Your instructions.
For this exercise, output exactly and only the lines running from the one with "Le immagini nelle" through the final line of the data below, without pictures.

Information shown.

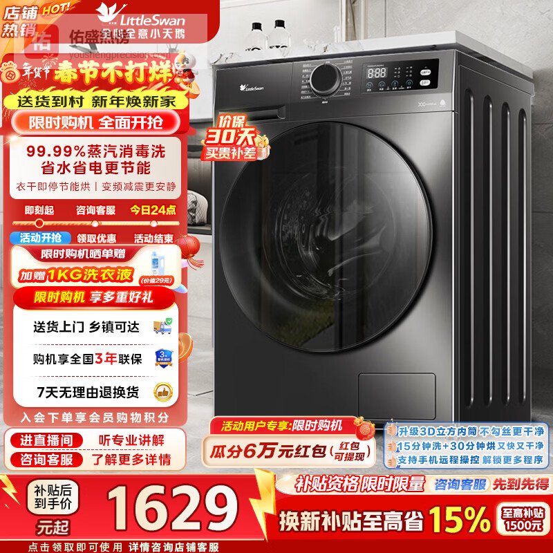 小天鹅专注于家电产品的研发,其洗烘一体机产品结合了创新科技与时尚设计。结合多种洗涤程序,小天鹅的洗烘机能够根据不同衣物类型智能调节洗涤方式,确保衣物洗净又不损伤。同时,其高效的烘干功能能够快速去除湿气,适合快节奏的生活。
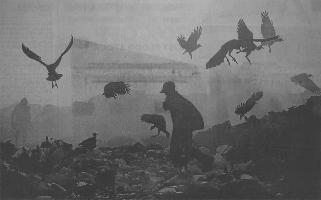 Le immagini nelle sale al piano terra e in scorrimento sul ledwall sono i Desastres, sempre presentati a Venezia e il cui titolo omaggia Goya, trenta enormi dipinti serigrafici in grayscale di animali, opere d’arte, città distrutte, rivolte politiche, uomini armati, mappe satellitari di piattaforme online.
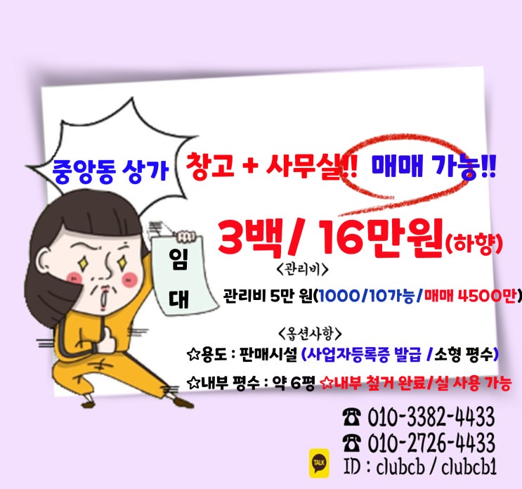 창원 중앙동 상가 임대 급매매 사무실 작업실 공방 무권리금
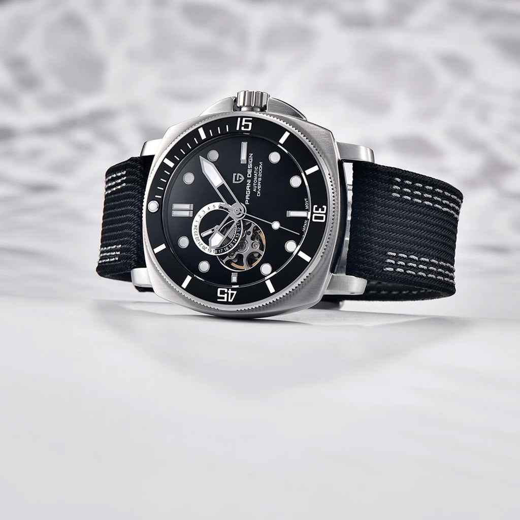 The Seiko NH39A movement is an enhanced version of the Seiko NH35, renowned for its exceptional performance in terms of precision and reliability. The Pagani Design Infinity Black, powered by the NH39A movement, features an impressive power reserve of approximately 45 hours.

Result of this exercise.
 Le immagini nelle sale al piano terra e in scorrimento sul ledwall sono i Desastres, sempre presentati a Venezia e il cui titolo omaggia Goya, trenta enormi dipinti serigrafici in grayscale di animali, opere d’arte, città distrutte, rivolte politiche, uomini armati, mappe satellitari di piattaforme online.
 창원 중앙동 상가 임대 급매매 사무실 작업실 공방 무권리금
 The Seiko NH39A movement is an enhanced version of the Seiko NH35, renowned for its exceptional performance in terms of precision and reliability. The Pagani Design Infinity Black, powered by the NH39A movement, features an impressive power reserve of approximately 45 hours.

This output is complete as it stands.